Records from a data source
>>>>
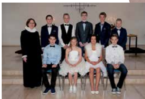
Konfirmanderne 2013 – se også billederne i stor størrelse på www.vestervang-viborg.dk
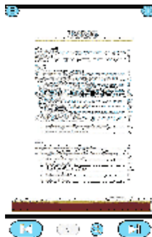
Gambar 5. Daftar Isi

Aplikasi ini dilengkapi dengan daftar isi yang digunakan untuk mempermudah pengguna dalam mencari sub materi yang ingin dipelajari. Klik tombol next untuk melihat daftar isi halaman berikutnya.
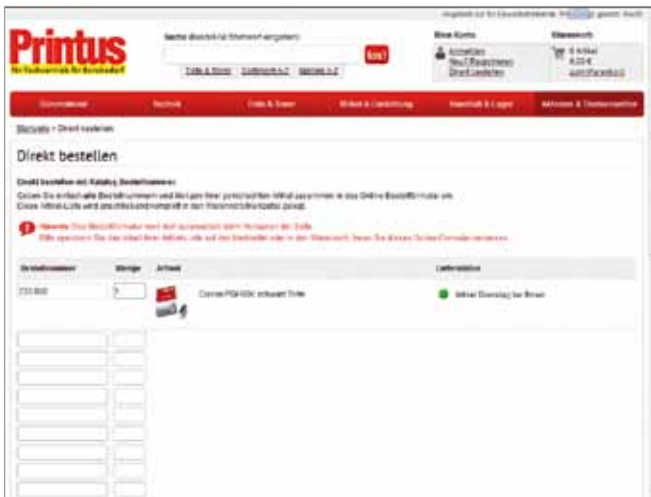
Erhöhter Komfort bei der Bestellung nach Artikelnummern – Printus zeigt sofort die Artikel mit Verfügbarkeit.
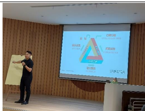
新媒體行銷模式講解
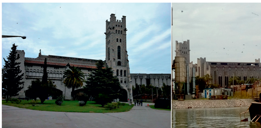
Figura 4. Ex Usina General San Martín, parte actual del complejo Museo-Taller Ferrowhite
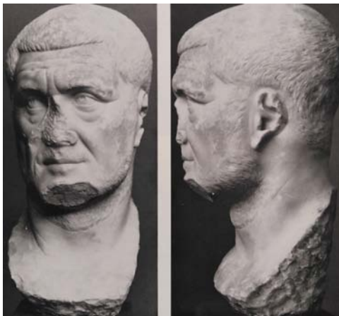
Fig. 2 Retrat de front i perfil de Maximí el Traci, cap de marbre, ca. 235-238, Carlsberg Glyptotek, Copenhagen.
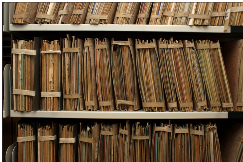
Abb. 3: Aufbewahrung der Schulprogramme vor dem Boxing 2009

Wie in den meisten Bibliotheken war der Bestand an Schulprogrammen der ULB Düsseldorf vor Beginn des 2009 gestarteten Projekts weitgehend unerschlossen. Lediglich etwa 1.000 wissenschaftliche Abhandlungen waren im PI-Katalog nachgewiesen. In die hbz-Verbunddatenbank wurden davon durch Retrokonversion etwa 600 Titel aufgenommen. Der Bestand war im geschlossenen Magazin aufgestellt, allerdings nach unterschiedlichen Kriterien geordnet: Bis zum Erscheinungsjahr 1877 waren die Hefte nach dem Alphabet der Orte aufgestellt und die Schulprogramme aus den Jahren 1878–1888 nach Erscheinungsjahren geordnet und innerhalb der Jahre nach Orten sortiert. Die Publikationen aus dem Zeitraum 1886–1916 hingegen waren nach den sogenannten Klussmann-Nummern 4 aufgestellt. Zusätzlich gab es eine vierte alphabetische Sortierung speziell für die Orte des Rheinlands und des Bergischen Landes. Vermutlich handelt es sich hierbei um den von der Landes- und Stadtbibliothek Düsseldorf gesammelten Bestand.
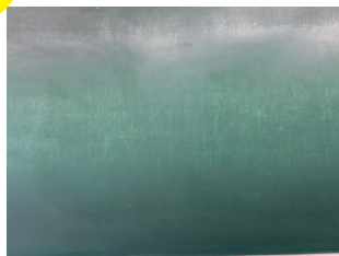
キズが入っている 暗線が赤くなっている
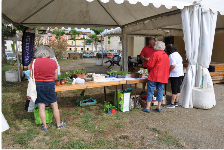
Natura'Vic, une belle édition estivale au plus près de Dame Nature

Samedi matin, aux abords de la salle polyvalente, les trois chapiteaux qui reçoivent Natura'Vic dans sa version estivale sont dressés avec leurs installations pour cette 2ème édition organisée conjointement par le centre social Vic Accueil et la mairie de Vic-Fezensac.
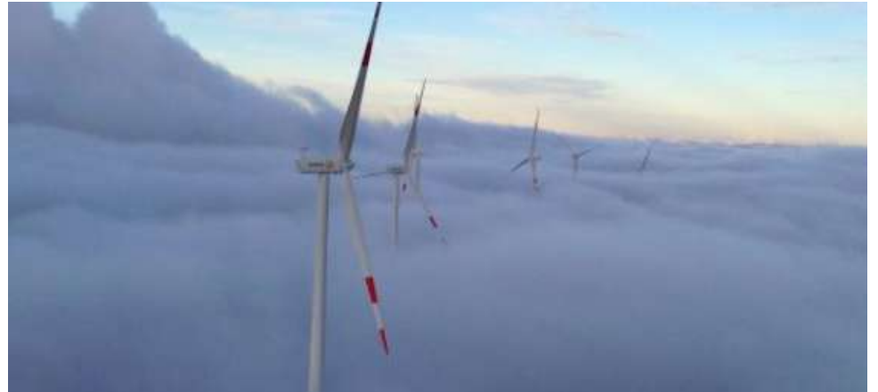
La construcción del parque eólico se enmarca dentro de un plan de descarbonización que lleva adelante TotalEnergies.

Actualmente, estas instalaciones funcionan generando su propia electricidad por medio de
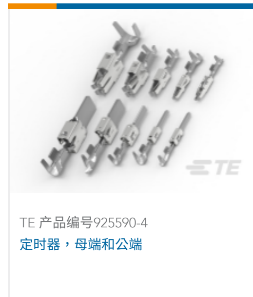
TE 产品编号925590-4 定时器, 母端和公端
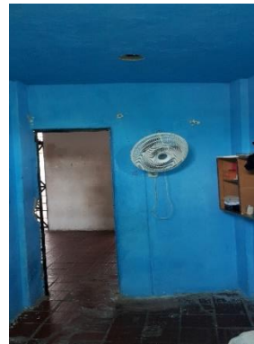
Estado actual de conexiones irregulares y no reguladas de la red eléctrica.
<<<<
Work required -> In the records above, locate every line with the string "nach" and copy it.

Answer to this task ->
Erhöhter Komfort bei der Bestellung nach Artikelnummern – Printus zeigt sofort die Artikel mit Verfügbarkeit.
Wie in den meisten Bibliotheken war der Bestand an Schulprogrammen der ULB Düsseldorf vor Beginn des 2009 gestarteten Projekts weitgehend unerschlossen. Lediglich etwa 1.000 wissenschaftliche Abhandlungen waren im PI-Katalog nachgewiesen. In die hbz-Verbunddatenbank wurden davon durch Retrokonversion etwa 600 Titel aufgenommen. Der Bestand war im geschlossenen Magazin aufgestellt, allerdings nach unterschiedlichen Kriterien geordnet: Bis zum Erscheinungsjahr 1877 waren die Hefte nach dem Alphabet der Orte aufgestellt und die Schulprogramme aus den Jahren 1878–1888 nach Erscheinungsjahren geordnet und innerhalb der Jahre nach Orten sortiert. Die Publikationen aus dem Zeitraum 1886–1916 hingegen waren nach den sogenannten Klussmann-Nummern 4 aufgestellt. Zusätzlich gab es eine vierte alphabetische Sortierung speziell für die Orte des Rheinlands und des Bergischen Landes. Vermutlich handelt es sich hierbei um den von der Landes- und Stadtbibliothek Düsseldorf gesammelten Bestand.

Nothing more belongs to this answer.